When we returned back to campus, we put our treasures up, changed our shoes and hopped back in the car for a quick drive to the lake where there was a Hispanic festival. We didn't stay for long, because it was rather dark, but I was there long enough to see one of my students from an ESOL field study class get arrested. That was heart breaking, to know his story and see how hard his teacher fought for him, to try to help him rise above his role models at home, and then to see him being lead away with his hand behind his back.
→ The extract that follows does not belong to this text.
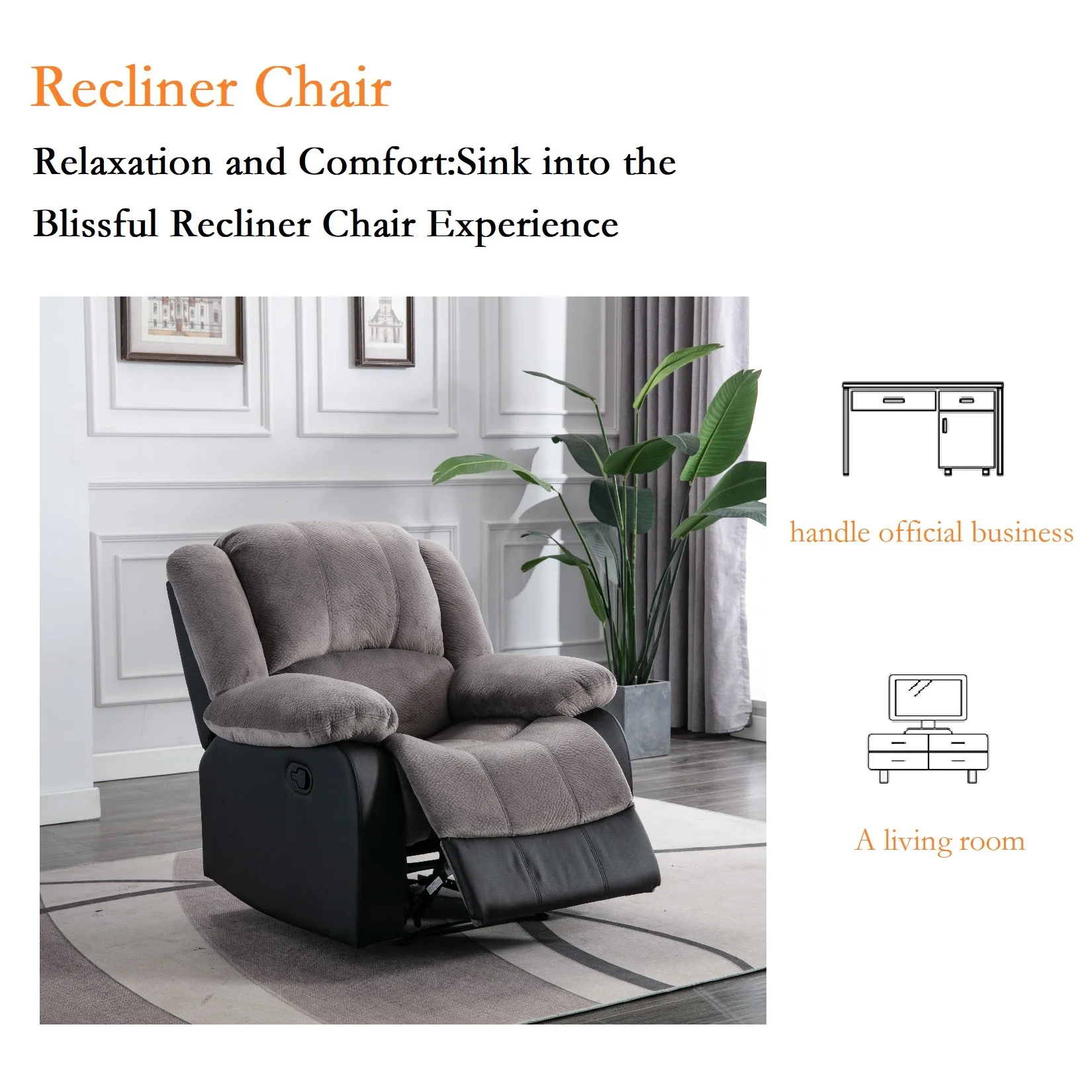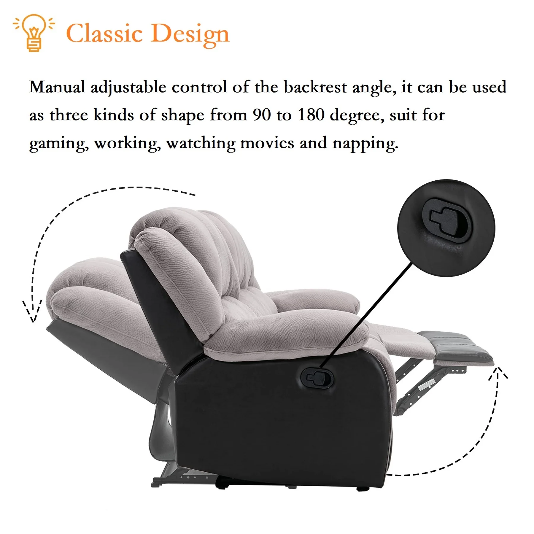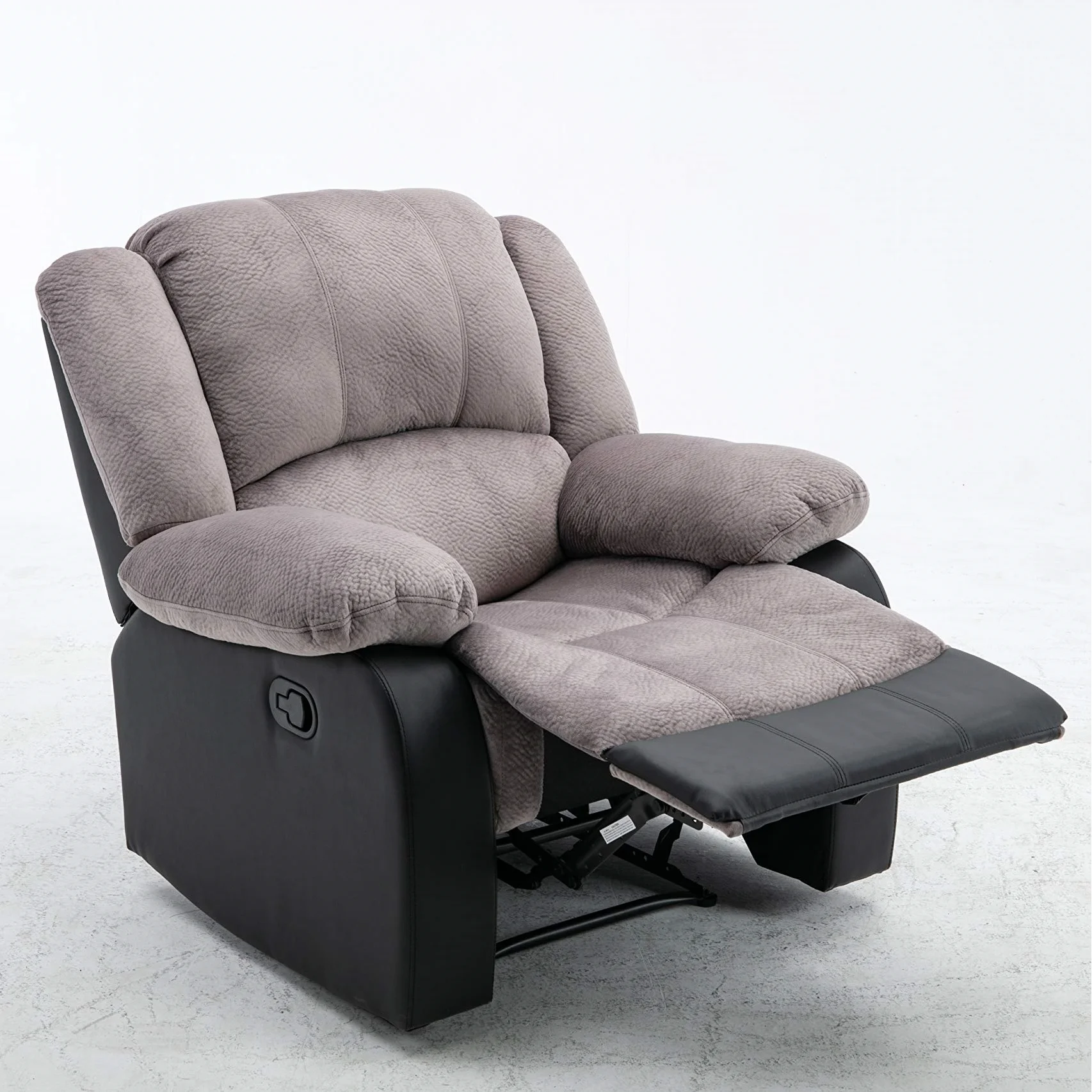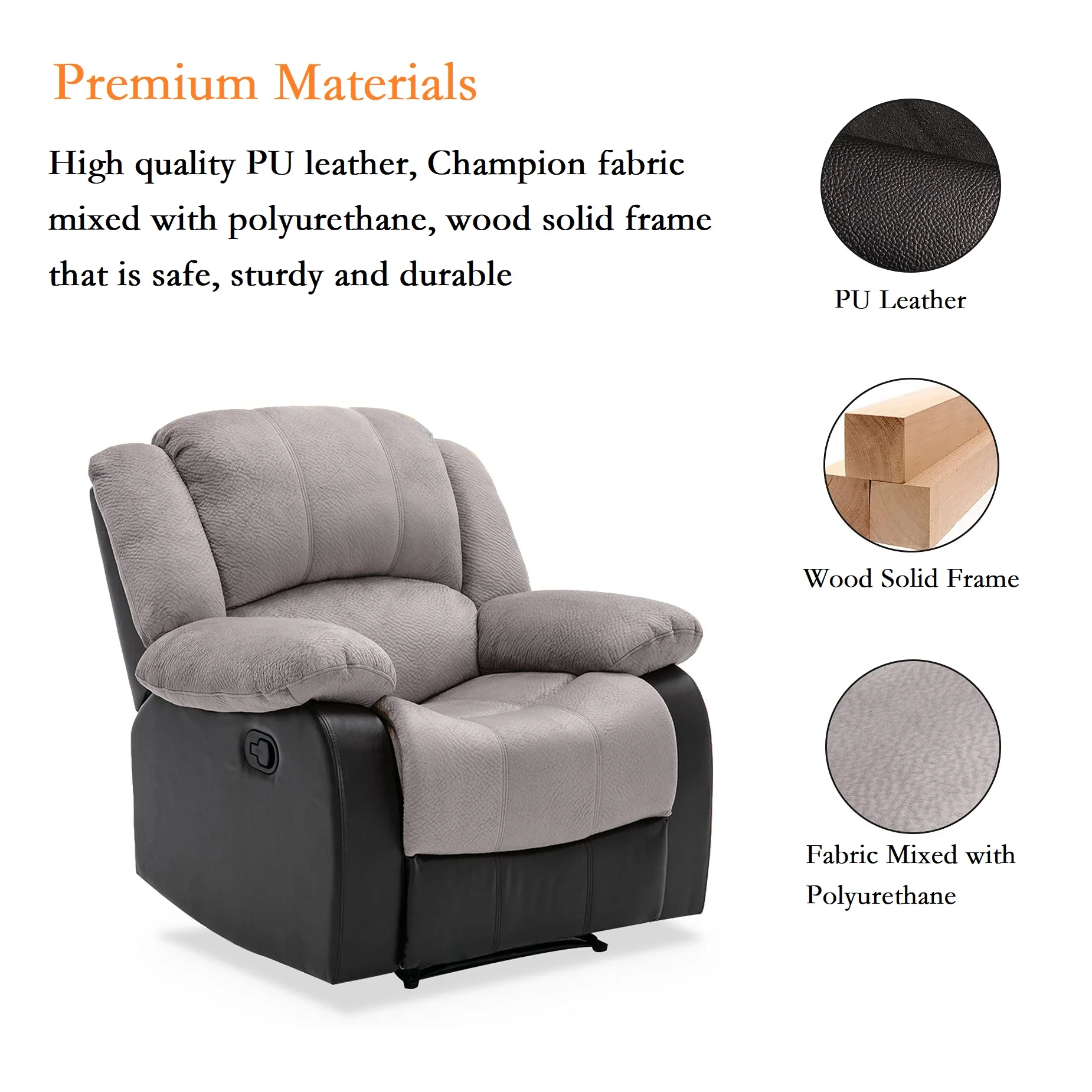 Nathaniel Home Manual Single Reclining Sofa, Champion PU Leather Upholstered Couch, Tufted Recliner, Plush Scoop Seating, for Living Room Home Theater, Gray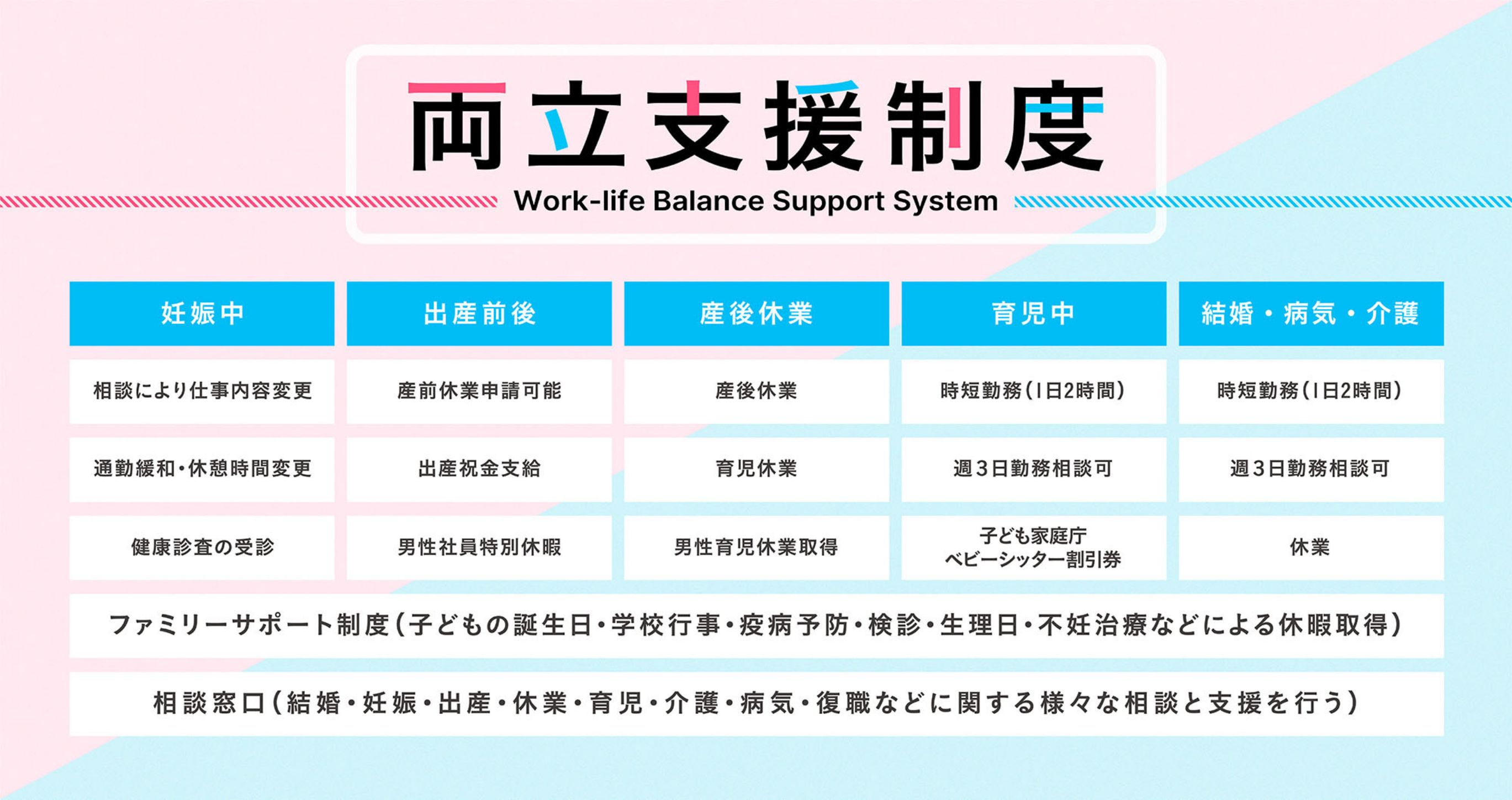 産前産後・育児休暇、時短勤務、週3日以上勤務、認可外保育園の差額補助(条件あり)、内閣府ベビーシッター割引券など、仕事と育児の両立支援制度があります。

Something I was told in an education classes was, "You cannot save them all, Charlotte" but I still want to, I don't want to see their mug shot in the paper or read their obituary.

Which brings me to the point of this blog, I have dealt with many different types of parents: the parents who dictate everything in their children's lives, the parents who have nothing to do with their children, the parents who live vicariously through their children, the parents who honestly try to encourage and help their children think through their decisions and support their conclusions. I am thankful that my parents are the last example, through the years, we have had our ups and downs, but lately, we have become friends who give each other honest whole-hearted counsel. They have always been behind my dreams, and have done everything in their power to push and equip me to reach them. It wasn't until this semester that I was glad my parents are the way they are.